Throughout his eight years in office, Mr Khatami was fearful of mobilising the huge people power at his disposal. His reticence was exploited by his ruthless opponents: the student unrest convinced the regime it had to block Mr Khatami at every turn, fearing he was an Iranian Gorbachev who would bring about the collapse of a system he was trying to reform. His supporters went on to win parliamentary elections the following year but the unelected and more powerful Guardian Council vetted all legislation that attempted to liberalise the system. The regime also used its control of the judiciary to close newspapers and jail several of Mr Khatami's leading allies. His main campaign strategist, Sa'id Hajjarian, was meanwhile shot in the head by right-wing vigilantes, narrowly escaping death.

Today Mr Hajjarian is behind bars, rounded up recently like many of Mr Khatami's former aides because of their support this time for Mr Mousavi, who is also unwilling to mobilise people power on the streets where it can be crushed. But, unlike Mr Khatami, Mr Mousavi has assumed the perilous mantle of a protest leader. He has defied Iran's ultimate authority, Ayatollah Ali Khamenei, by branding Mr Ahmadinejad's re-election "illegitimate" and is devising peaceful ways of challenging the regime.

The anger today, of course, is much deeper than a decade ago: then it was ignited by press curbs: now it is fuelled by the wholesale disenfranchisement of the people by a "stolen" election. Mohsen believed in 1999 that the old guard would be so shaken by the student unrest that it would yield to some of the reformists' demands. His optimism was understandable. There was a feeling that the regime would have buckled to a demographic imperative: most Iranians had been born after the revolution and were chafing against its restrictions.

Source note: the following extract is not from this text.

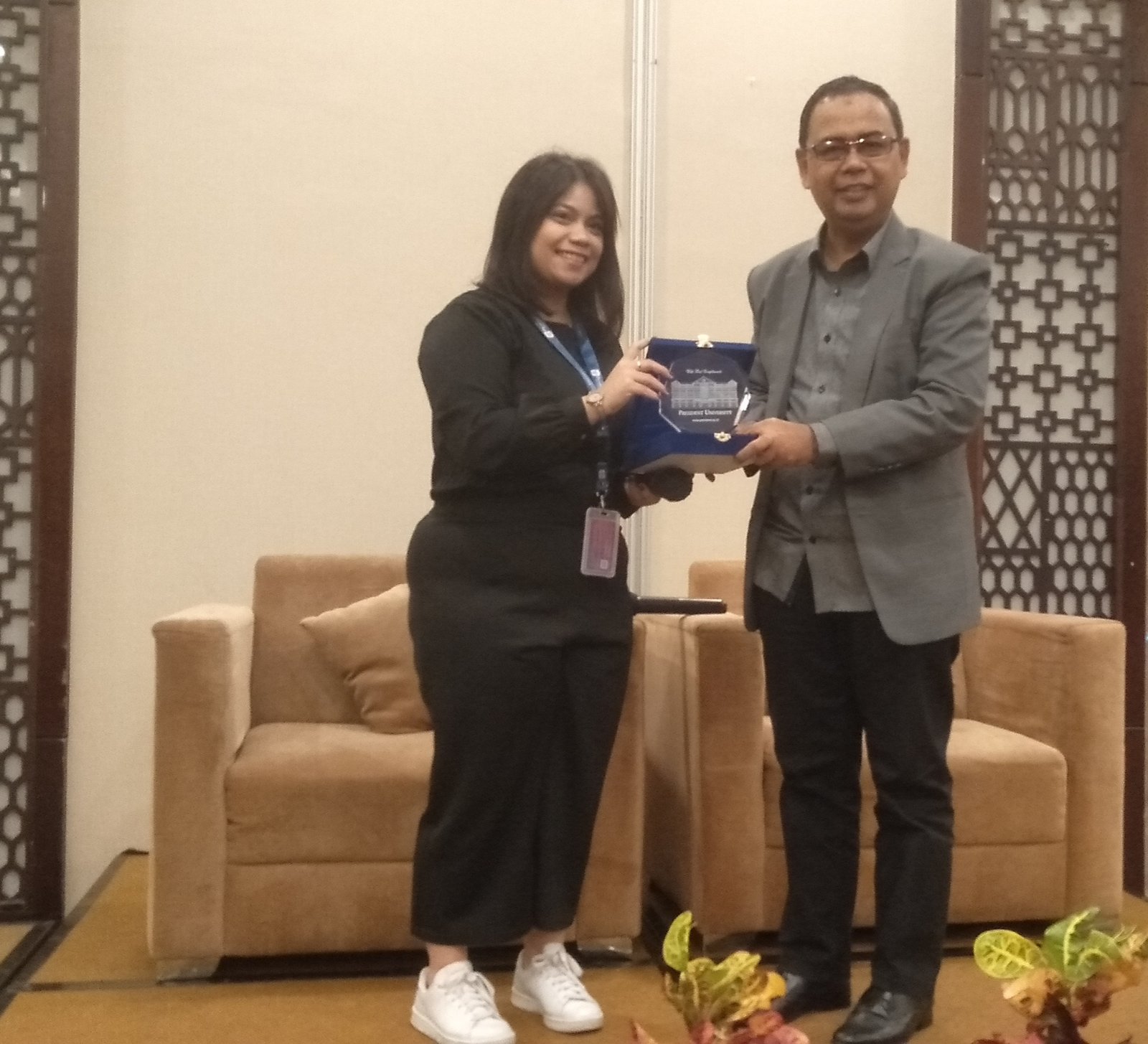 Kepala Dinas Pendidikan dan Kebudayaan Provinsi NTB Dr. H. Aidy Furqan menerima plakat dari Jella Christania, B.A. Comm, Senior Marketing President University. (HarianNusa)

Mr Khatami's 1997 election victory ushered in a "Tehran spring" that was palpable on the streets. Iran also began opening to the world. In December 1997 Tehran hosted the annual summit of the Organisation of the Islamic Conference, which was attended by all 55 members. Arab Gulf states that had supported Saddam Hussein's eight-year war against what he termed "Persian cockroaches", showed up, among them Saudi Arabia's then crown prince, now king, Abdullah ibn Abdul Aziz Al Saud, signalling a new chapter in improved relations between the Shia and Sunni powerhouses of the Gulf region.

The following month Mr Khatami called for a dialogue with the "great American people" that would break down the "bulky wall of mistrust" between their two countries. Mohsen and millions of young Iranians like him were confident that at home and abroad Iran's sullen hardliners, who had an iron grip on most levers of power, would be unable reverse the thrust of history. "They can't shove the genie back into the bottle," he asserted cheerfully. Yet they did. At least until last month's momentous elections and their febrile aftermath stirred the dormant genie that is now swelling with defiant energy to break free.